Gestern

Ringelegängele

Als ich damals meine Eltern kennen lernte, war mein Vater drei mal so alt wie ich. Ungefähr jedenfalls. Wenn sie nicht wollten, dass ich sie verstand, sprachen sie französisch oder englisch. Meist aber doch glücklicherweise deutsch. Manche Worte hingegen gehörten unserer Familie auch ganz allein und ich werde mich hüten, sie hier preiszugeben. Ringelegängele gehört glücklicherweise nicht dazu.

Sie hatten sich wohl verlaufen, ihr und sein Finger verhakten sich fast auf dem viel zu kleinen Stadtplan, während ihre Füße weitertrippelten, ohne so recht zu wissen wohin. Ich sah ihr Torkeln schon von Ferne und wich bogenförmig aus, nicht aber ohne Fetzen der angeregten Diskussion ans linke Ohr geliefert zu bekommen. Und z’mitts in den Satzfragmenten ganz unverhofft ein Ringelegängele. Von ihr ärgerlich gezischt, von ihm schnaubend vernommen: Ein einziges Ringelegängele, was sie da zusammenliefen.

Im Weiterfahren nuckelte ich mir den Wort-Schatz nochmals aus den Tiefen meines Gehörgangs und stopfte ihn mir beim erneuten Anblick unwillkürlich tief in den Mundraum. Zwischen Zunge und Gaumen entfaltete er sodann, großzügig eingespeichelt und vermittels der Zungenmuskulatur und ein wenig Geschick genießerisch um die eigene Achse gedreht, den verführerischen Geschmack wohltuender Heimaterde. Und zwischen den fruchtbar-feuchten Krumen die Erinnerung alpenbezwingungender Serpentinen, die sich in meine Zahnzwischenräume wand, mir die Mundwinkel unwillkürlich spreizend.

Gelage

One sip at a time

Noch einzeln lächelten wir über seinen Vertrag von Calvados, der ein Freudscher war, lachten uns jeder einen Brottrunk zum Frühstück. Er vertrug kaum einen Schluck und barg seine hohe Stirn im Anschluss und für den Rest des Tages unter dem vorzugsweise schattenspendenden Schild. Schutz bot es dennoch zu wenig und so erläuterte er maßstabsgetreu die Architektur von Stadt und Intellekt. Die der Emotion ließ er, erfahren in Konversation und ihren Tücken, aus. Die Angst vor der Stille teilten wir da bereits, es unbewusst genießend dem anderen ins Hosenbein zu grinsen.

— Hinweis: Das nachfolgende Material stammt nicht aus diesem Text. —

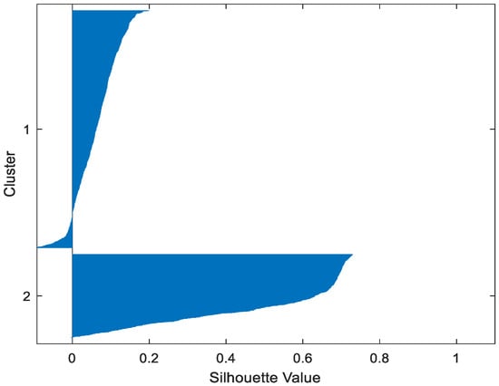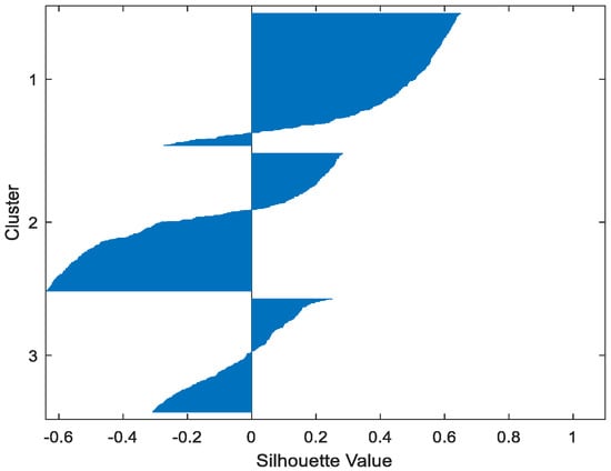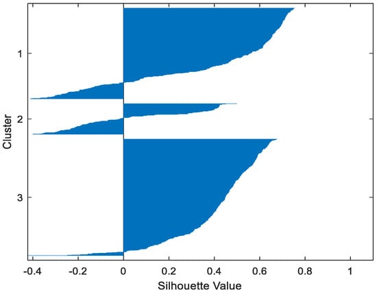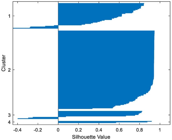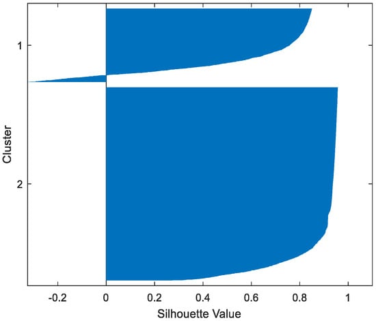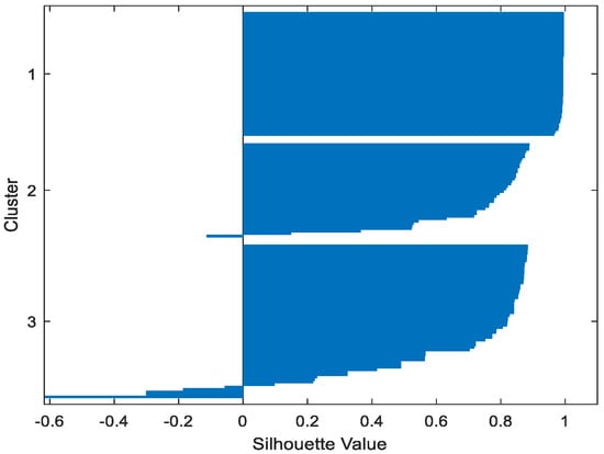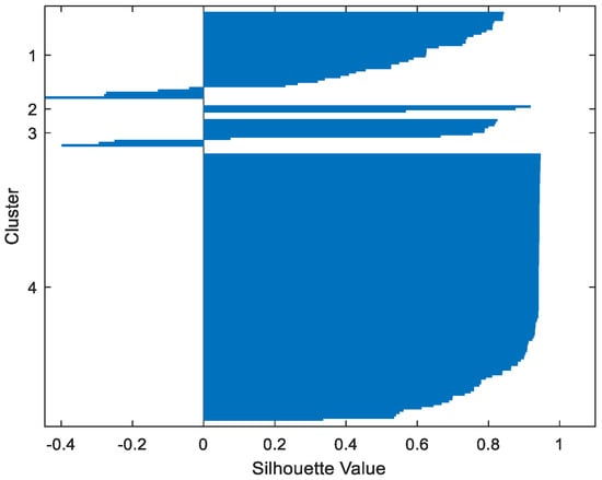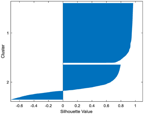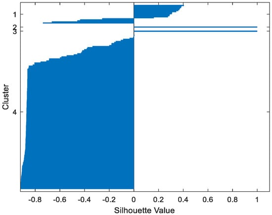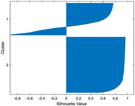 - Let N be the number of patterns. The Silhouette index [43] finds the optimal clustering effect using the difference between the average distance within the cluster and the minimum distance between the clusters, i.e., the silhouette coefficient is given as follows:

Durch meine hervorblitzenden Zahnschmelz mutig geworden, wickelte er auch andere meiner Ängste aus, eruierte die Grenzen meines Muts lüstern aber behutsam. Gemeinsam scherzten wir über die perforierten Küstenlinien meines Verstands, kicherten ob der geradezu obszön geformten Ausbuchtung meiner Hoffnung. Sein Mund aus Krähenfüßen schluckte Wahrheiten wie warme Milch mit Honig. Am Liebsten abends, nur vom Mond bezeugt. Gleich Nesseln aber bewegten Nachrichten von Feindseligkeit und Missgunst seinen Speichel noch am Gaumen zur Rückkehr

Mitunter hatte ich Tränen übrig, die wir uns auch dann noch teilten, als das Leben unser Lächeln mittels Hasenscharten entzweite. Ich verschleierte meinen Bizeps noch Jahre danach konsequent bei jeder Konversation mit Geschlechtsgenossinnen, betucht nannte mich keine und zur Gebärdensprache fehlte mir die Verve. Er blieb dem Mond treu und ging nur tagsüber mit Fremden, nachts aber beatmete er weiterhin meine Fußsohlen, besprach mein Rückgrat mit blanchierten Moosgummiperlen. Alleine meiner Rippen Echo blieb schwach und die Morgen danach waren still.

Eines Mittags aber überraschte mich beim traditionellen Serviettenfalten eine Botschaft in Braille. Mondgezeugt, ein Lächeln erwirkend, dass von den Fingerkuppen, über Ellbogen und Schultern erst in die Mulden unterhalb des Halses und dann meinen Rachen empor kroch. Schüchtern die Muskeln am Wegrand erweichend und schließlich meinen Lippen ein Ja abtrotzend. Und einen Schluck Calvados.